Write out the lines of the material below exactly, beginning at the line with "Sebbene il rientro" and stopping after the line with "regioni dell’emisfero meridionale).", and leave out the pictures.

* **PROVIDED RECORDS**
# # # #

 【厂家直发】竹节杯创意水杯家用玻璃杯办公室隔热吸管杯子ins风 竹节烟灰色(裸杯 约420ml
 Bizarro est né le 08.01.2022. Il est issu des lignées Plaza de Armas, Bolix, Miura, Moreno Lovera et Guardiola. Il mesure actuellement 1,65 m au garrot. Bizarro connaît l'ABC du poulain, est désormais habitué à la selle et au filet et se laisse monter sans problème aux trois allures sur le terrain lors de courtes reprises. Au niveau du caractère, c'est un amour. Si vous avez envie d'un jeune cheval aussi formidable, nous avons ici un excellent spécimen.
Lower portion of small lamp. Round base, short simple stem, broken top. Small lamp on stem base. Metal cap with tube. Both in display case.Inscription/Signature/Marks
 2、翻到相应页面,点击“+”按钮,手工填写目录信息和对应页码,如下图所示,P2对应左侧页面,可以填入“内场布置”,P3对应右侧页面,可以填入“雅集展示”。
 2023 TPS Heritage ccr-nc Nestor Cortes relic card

# # # #

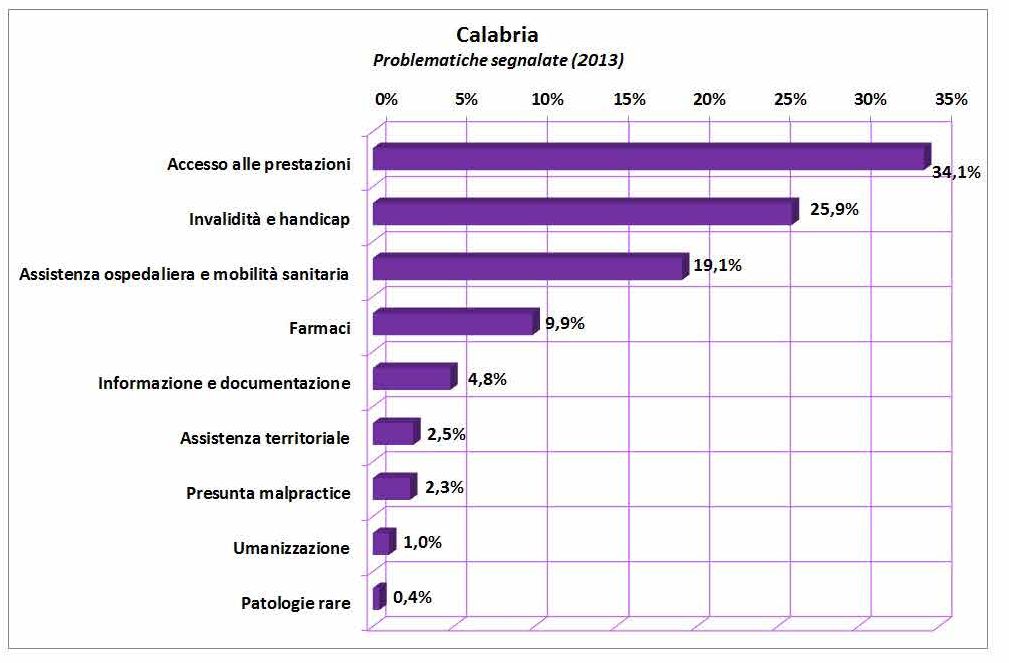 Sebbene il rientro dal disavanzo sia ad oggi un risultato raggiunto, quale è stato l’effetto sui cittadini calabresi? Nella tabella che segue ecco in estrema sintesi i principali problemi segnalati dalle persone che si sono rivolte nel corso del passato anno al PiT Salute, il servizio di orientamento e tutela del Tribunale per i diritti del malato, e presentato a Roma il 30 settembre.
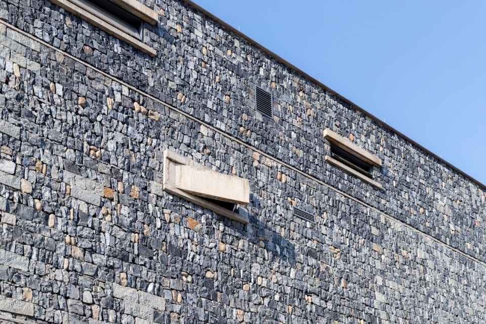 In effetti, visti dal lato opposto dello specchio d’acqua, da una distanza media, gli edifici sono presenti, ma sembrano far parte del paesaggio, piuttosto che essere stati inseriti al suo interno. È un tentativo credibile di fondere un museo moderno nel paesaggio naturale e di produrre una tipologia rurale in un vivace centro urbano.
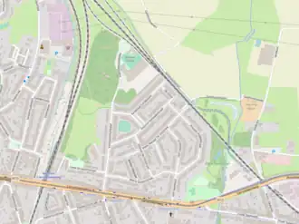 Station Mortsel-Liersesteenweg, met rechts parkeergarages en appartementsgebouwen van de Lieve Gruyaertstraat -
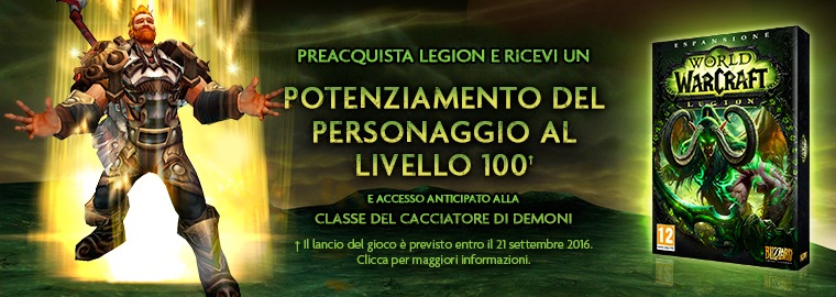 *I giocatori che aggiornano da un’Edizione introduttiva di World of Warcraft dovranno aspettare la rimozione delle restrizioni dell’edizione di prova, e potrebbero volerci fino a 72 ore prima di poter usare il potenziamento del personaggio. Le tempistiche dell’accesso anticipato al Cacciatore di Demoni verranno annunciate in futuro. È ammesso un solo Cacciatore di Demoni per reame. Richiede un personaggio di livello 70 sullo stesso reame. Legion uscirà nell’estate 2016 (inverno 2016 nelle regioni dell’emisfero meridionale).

# # # #

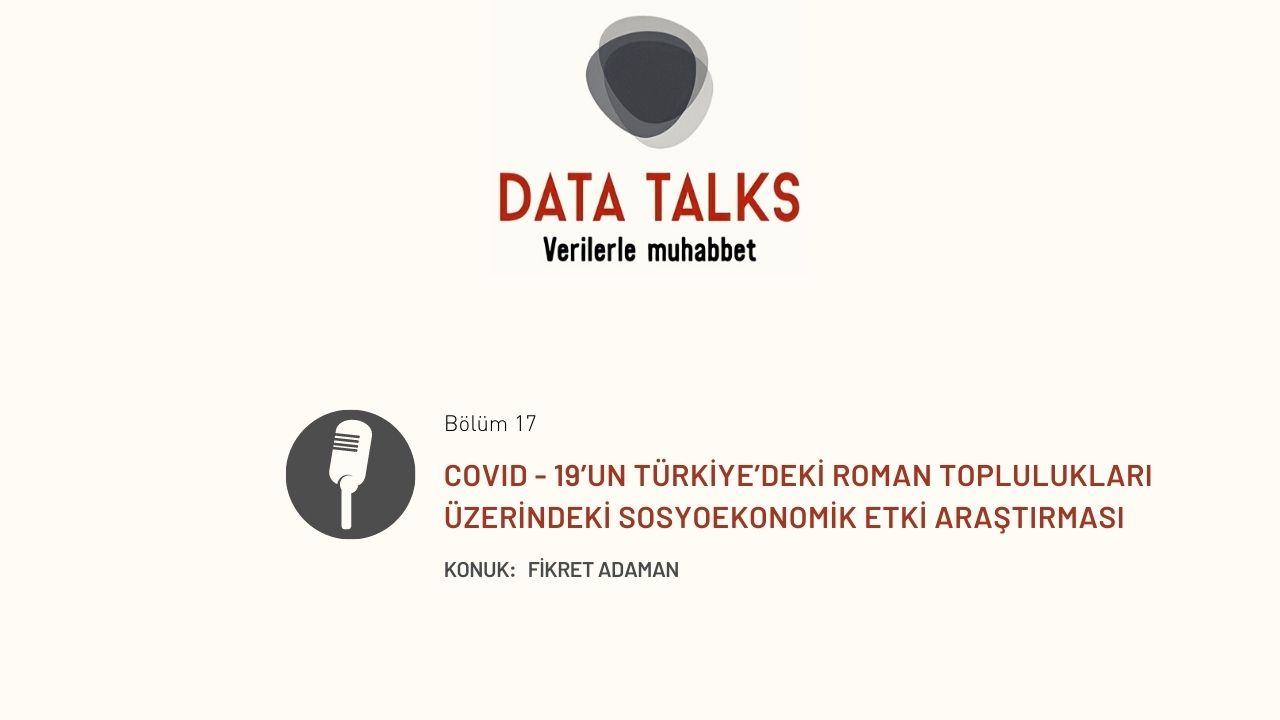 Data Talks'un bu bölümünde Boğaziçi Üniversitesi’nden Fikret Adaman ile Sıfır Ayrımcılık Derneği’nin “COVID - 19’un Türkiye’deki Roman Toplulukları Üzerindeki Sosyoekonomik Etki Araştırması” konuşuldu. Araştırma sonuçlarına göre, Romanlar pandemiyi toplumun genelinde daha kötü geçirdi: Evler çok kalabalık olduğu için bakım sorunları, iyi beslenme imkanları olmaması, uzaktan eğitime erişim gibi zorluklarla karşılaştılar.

# # # #

* **EXERCISE RESULT**
 Sebbene il rientro dal disavanzo sia ad oggi un risultato raggiunto, quale è stato l’effetto sui cittadini calabresi? Nella tabella che segue ecco in estrema sintesi i principali problemi segnalati dalle persone che si sono rivolte nel corso del passato anno al PiT Salute, il servizio di orientamento e tutela del Tribunale per i diritti del malato, e presentato a Roma il 30 settembre.
 In effetti, visti dal lato opposto dello specchio d’acqua, da una distanza media, gli edifici sono presenti, ma sembrano far parte del paesaggio, piuttosto che essere stati inseriti al suo interno. È un tentativo credibile di fondere un museo moderno nel paesaggio naturale e di produrre una tipologia rurale in un vivace centro urbano.
 Station Mortsel-Liersesteenweg, met rechts parkeergarages en appartementsgebouwen van de Lieve Gruyaertstraat -
 *I giocatori che aggiornano da un’Edizione introduttiva di World of Warcraft dovranno aspettare la rimozione delle restrizioni dell’edizione di prova, e potrebbero volerci fino a 72 ore prima di poter usare il potenziamento del personaggio. Le tempistiche dell’accesso anticipato al Cacciatore di Demoni verranno annunciate in futuro. È ammesso un solo Cacciatore di Demoni per reame. Richiede un personaggio di livello 70 sullo stesso reame. Legion uscirà nell’estate 2016 (inverno 2016 nelle regioni dell’emisfero meridionale).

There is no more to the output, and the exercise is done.